Na Comunidade do Coração, nos arredores da capital do Amapá, Macapá, a Escola Municipal Goiás atende tanto estudantes da zona rural quanto urbana. A instituição também conseguiu reverter uma situação preocupante de evasão escolar com um projeto focado na busca ativa dos alunos.
“Se a criança falta três dias seguidos e nenhum responsável aparece na escola para justificar as faltas, o professor entra em contato imediato com a família para questionar os motivos”, explica Agnaldo da Silva Silveira, ex-coordenador pedagógico da escola que atualmente trabalha na Secretaria de Educação do Amapá.
A ação é parte do projeto “Nenhum a Menos”, iniciativa criada pela escola em 2015 que conseguiu reduzir de 11% para menos de 5% os casos de abandono escolar.
“Em casos mais graves explicamos aos pais qual a sua responsabilidade com a educação dos filhos e deixamos claro que, se a criança continuar a faltar, precisaremos acionar o Conselho Tutelar”, diz Agnaldo. “Mas felizmente tivemos que fazer isso poucas vezes, quase sempre resolvemos na conversa.”
O coordenador explica que muitos dos alunos atendidos pela escola são filhos de agricultores, pescadores e trabalhadores informais da região rural de Macapá que enfrentam dificuldades financeiras e de locomoção.

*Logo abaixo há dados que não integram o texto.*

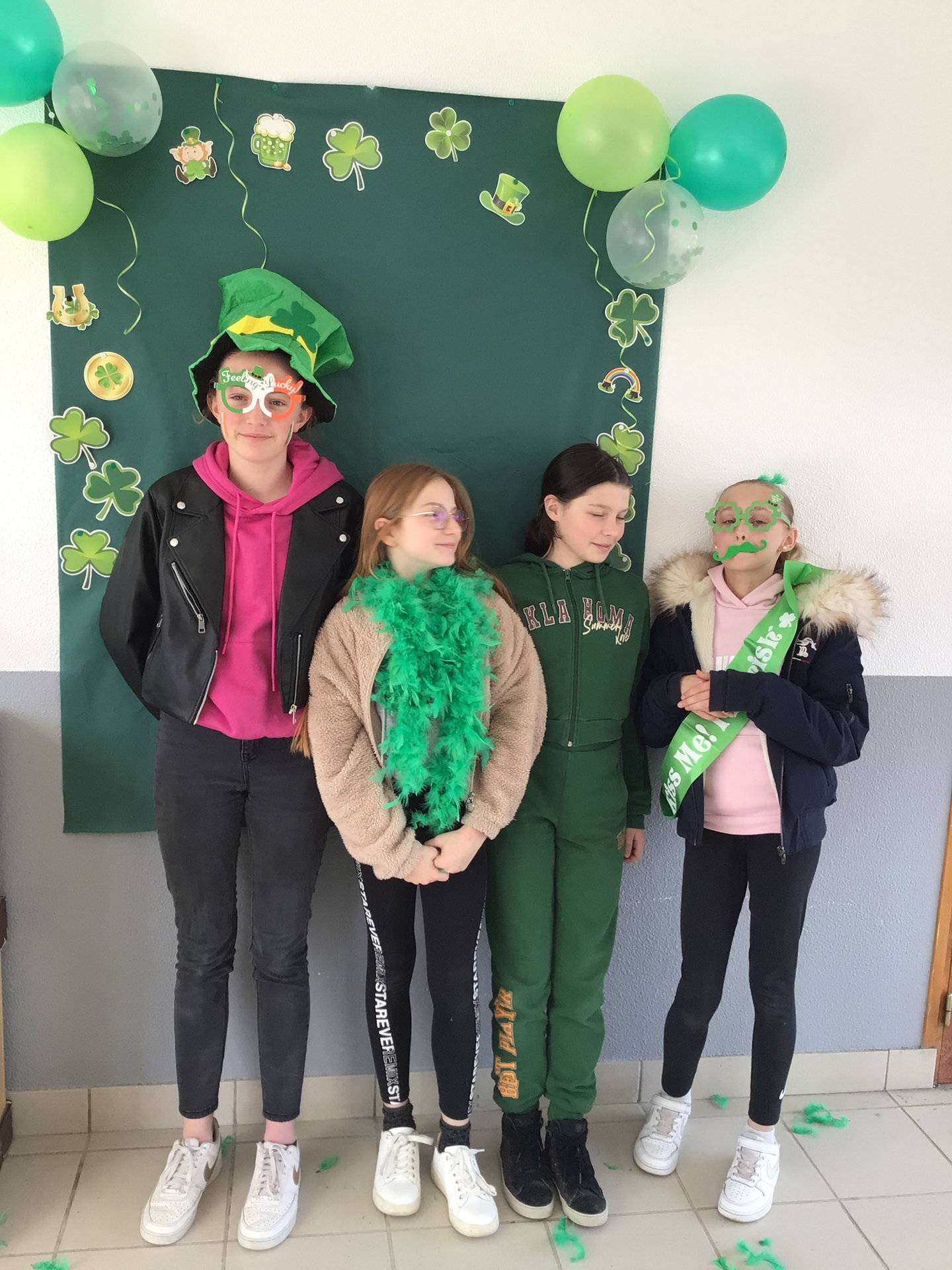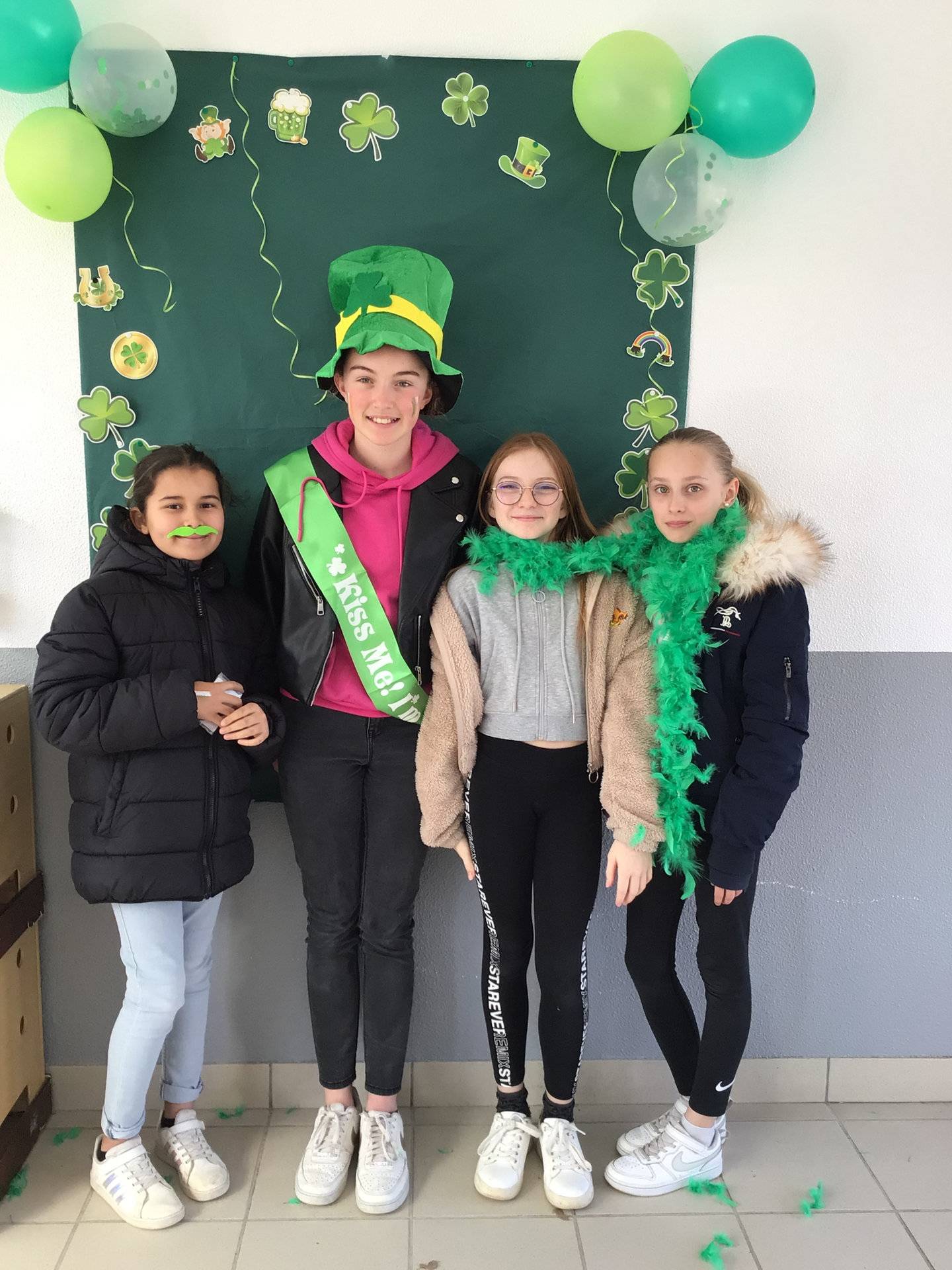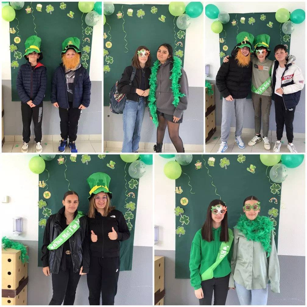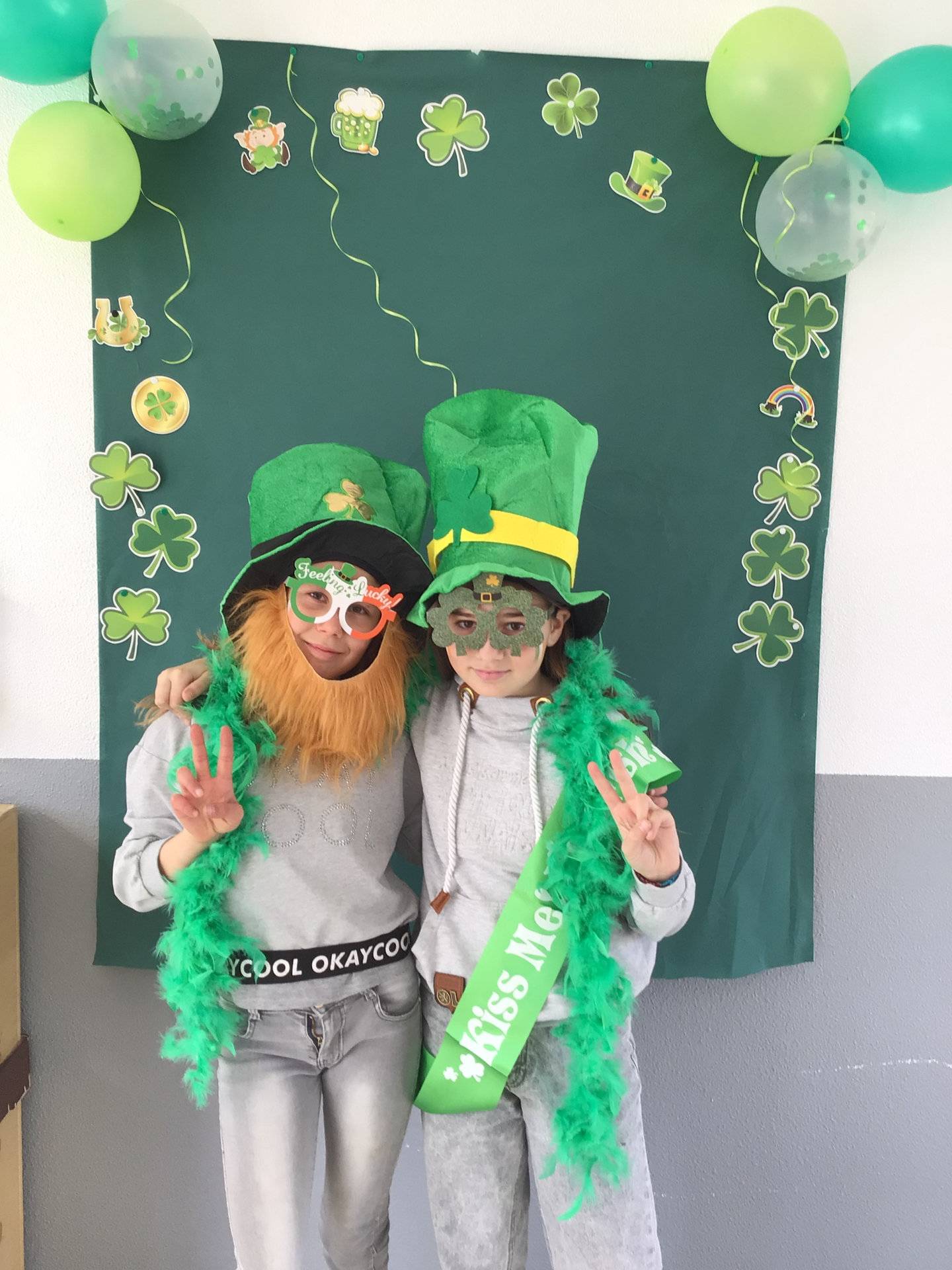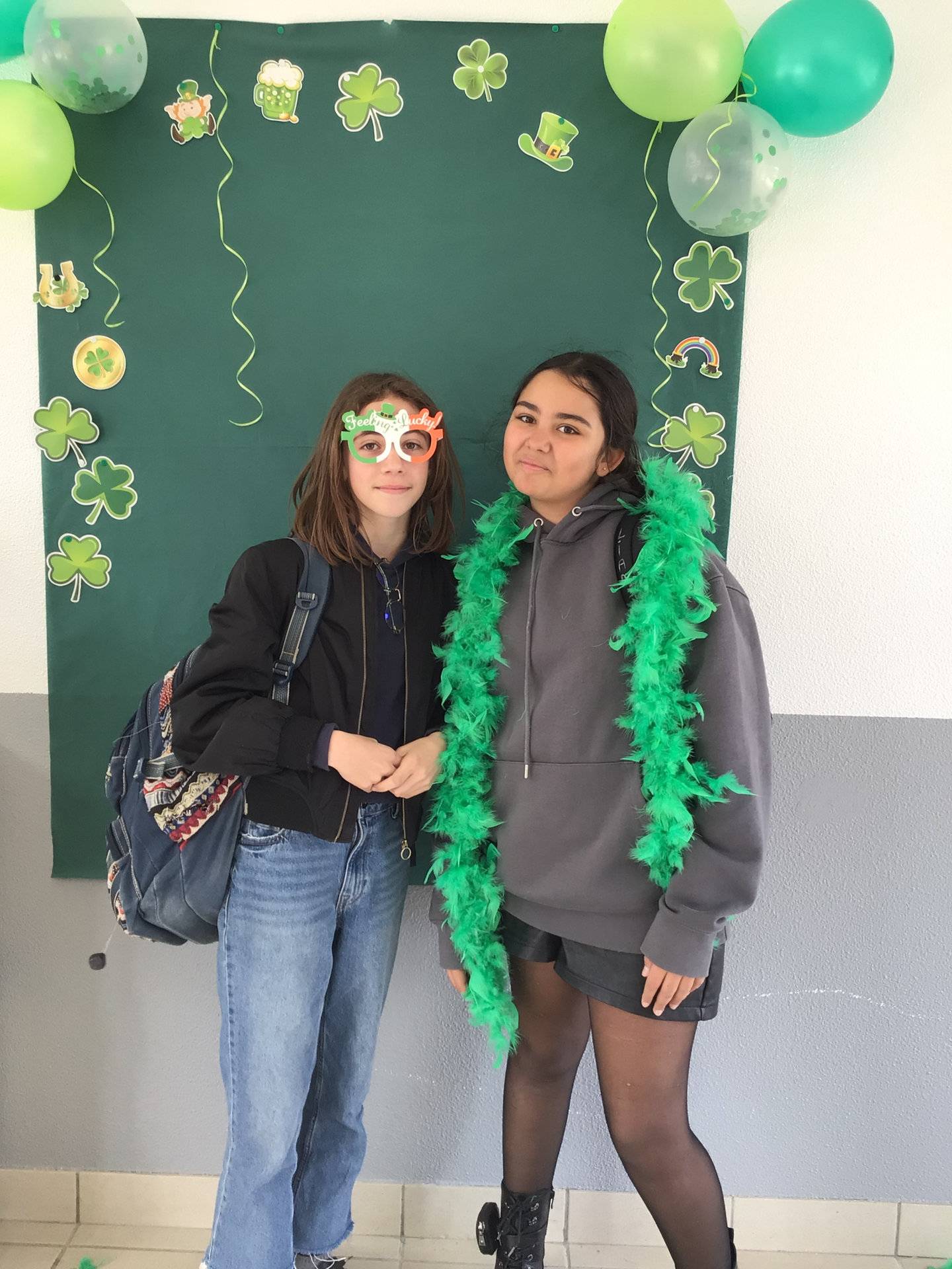 Repas irlandais à la cantine, photos dans la cour avec accessoires.
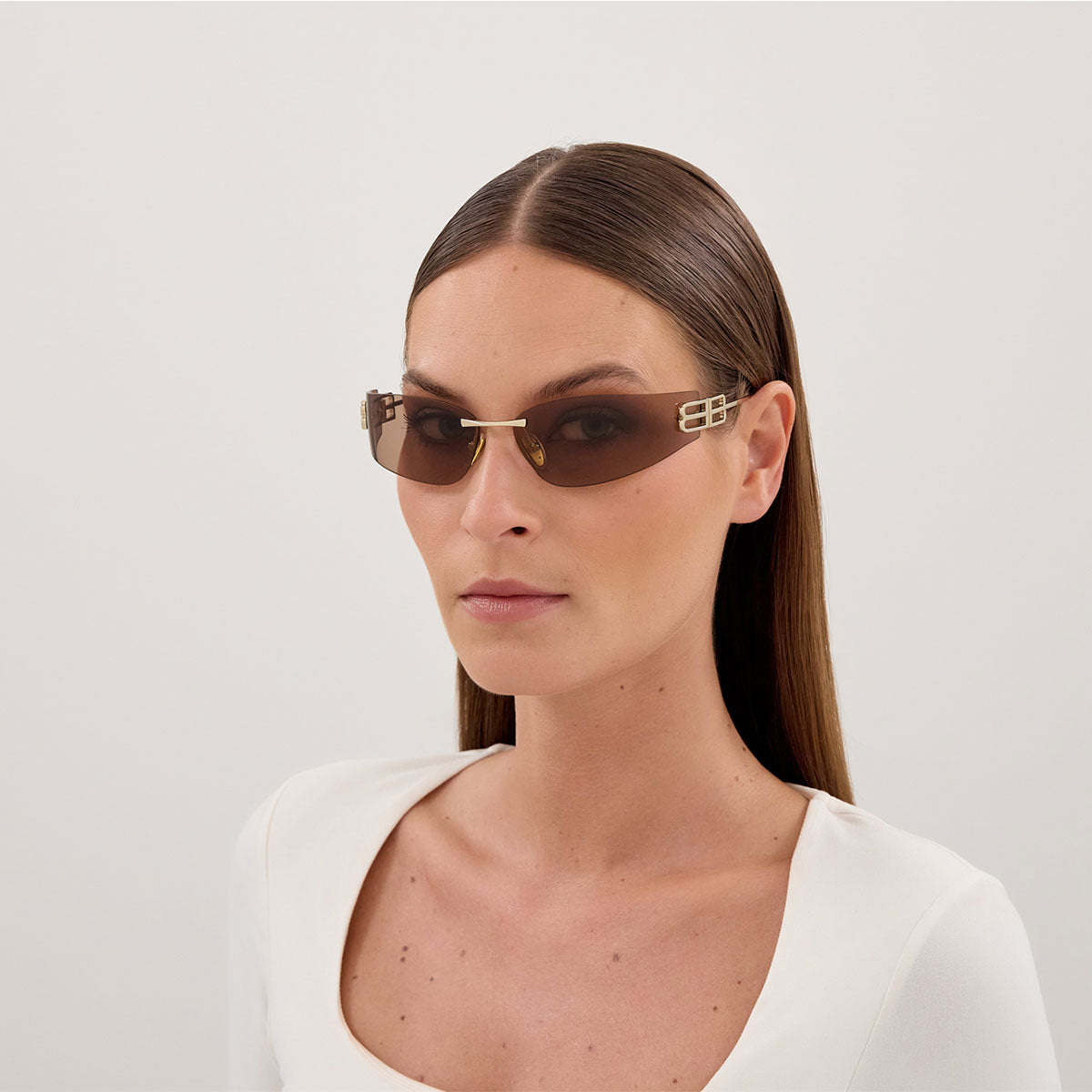 Ekstremalny kształt kociego oka, połączony z owijającymi soczewkami, podkreśla spojrzenie i nadaje odważny, kobiecy urok. Osobowość modelu definiuje linia z dużym logo BB Stretched cut-out, ikoniczny detal nawiązujący do niepowtarzalnego DNA marki.
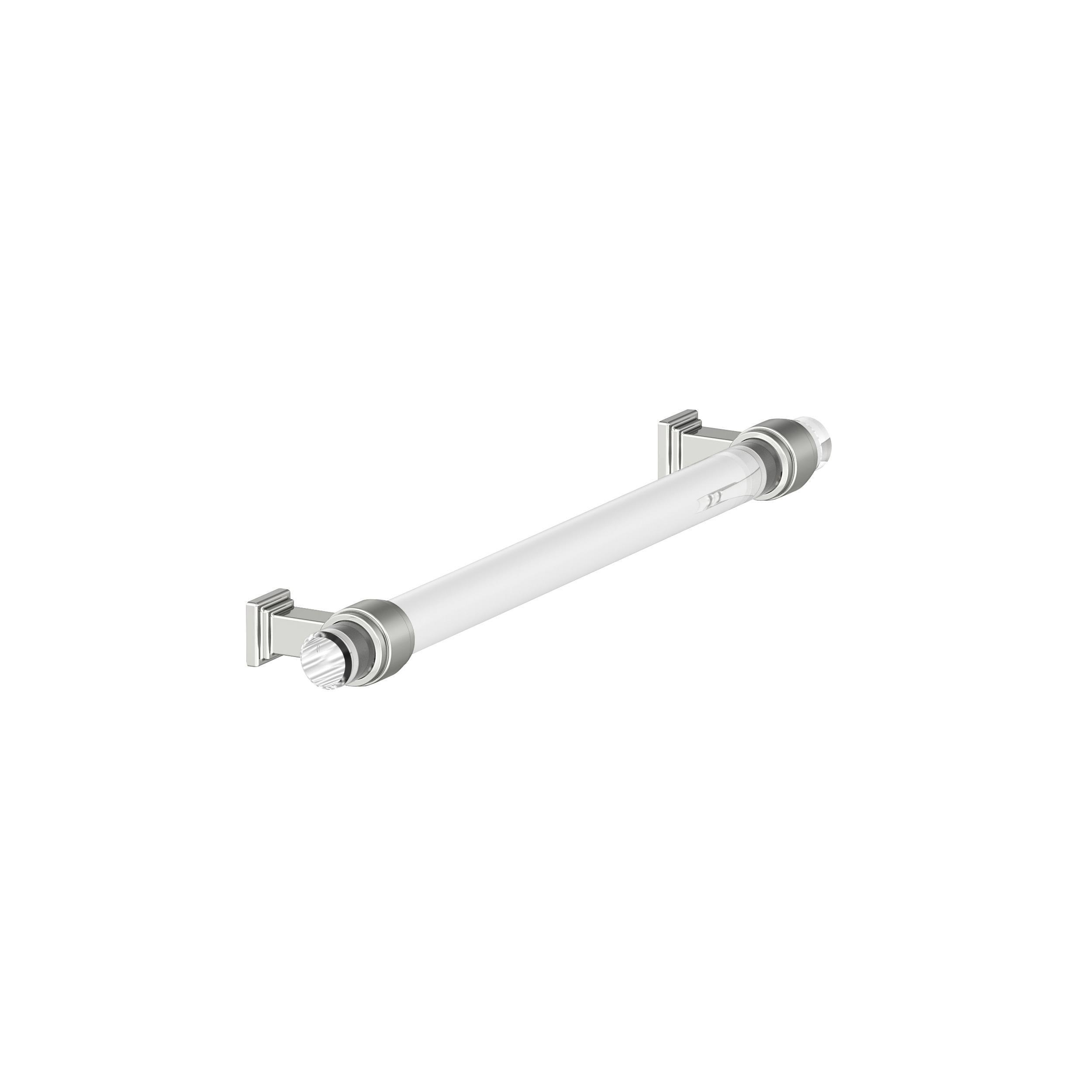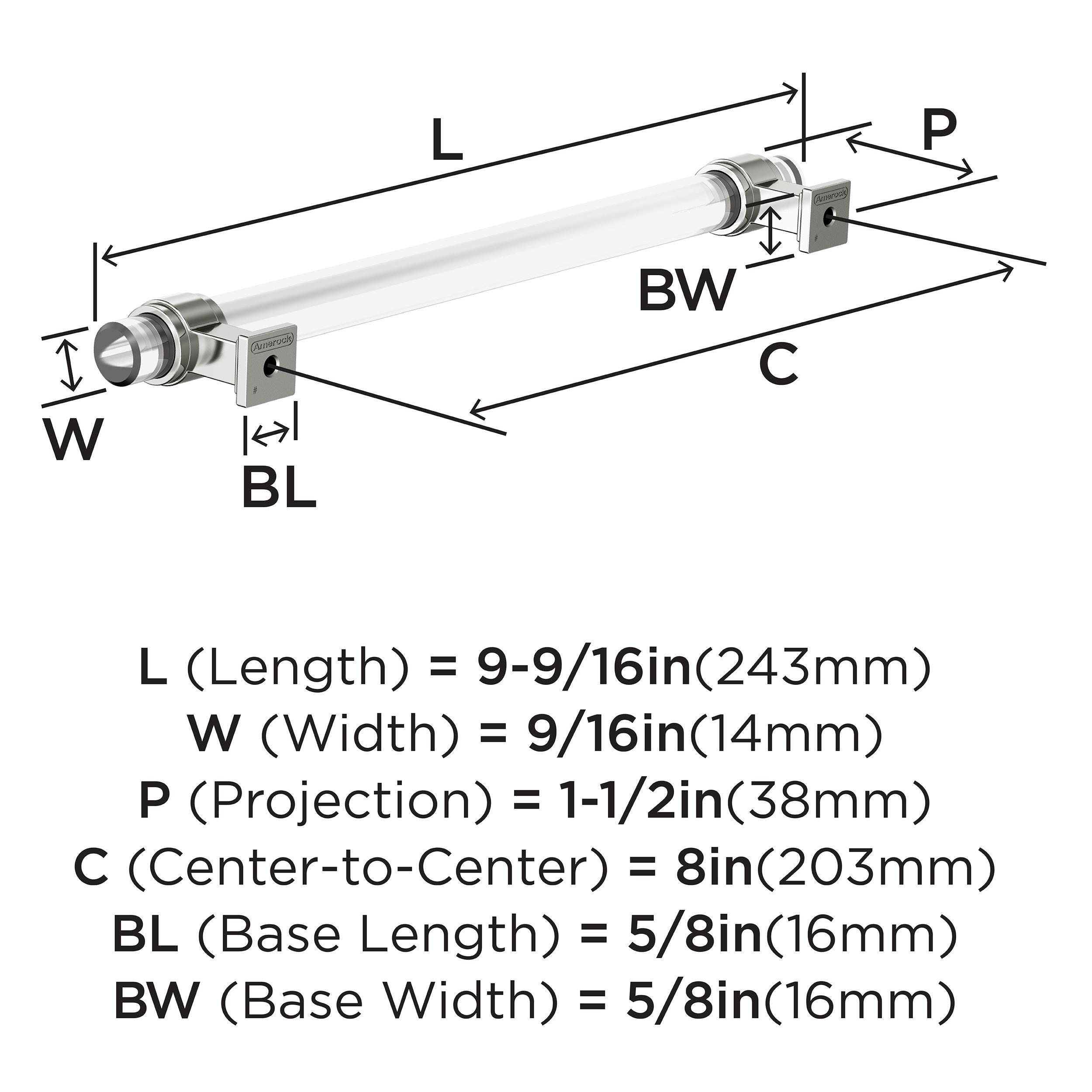 The Amerock Glacio 8 in. Center-to-Center Clear and Polished Chrome Cabinet Pull is finished in polished chrome polished. In the Glacio collection, graceful metallic mountings hold clear accents that seem to float above the surface for an ethereal look and feel.

“Especialmente no período de chuvas, que vai de dezembro a maio, muitas crianças faltam porque fica praticamente impossível sair de casa por conta de alagamentos e muita lama”, diz. “Aqueles que vêm chegam sujas e molhados, o que dificulta o aprendizado.”
Quase metade das meninas e meninos da Escola Goiás usa o transporte coletivo escolar, mas em algumas comunidades mais afastadas as peruas ainda não estão disponíveis.
“Não são apenas problemas de saúde ou renda que afastam os alunos e temos que pensar em tudo isso para garantir o direito das crianças de estudarem”, afirma Agnaldo.
“Ainda temos muito a fazer e nosso objetivo é chegar à evasão zero. Mas estamos satisfeitos com o nosso progresso.”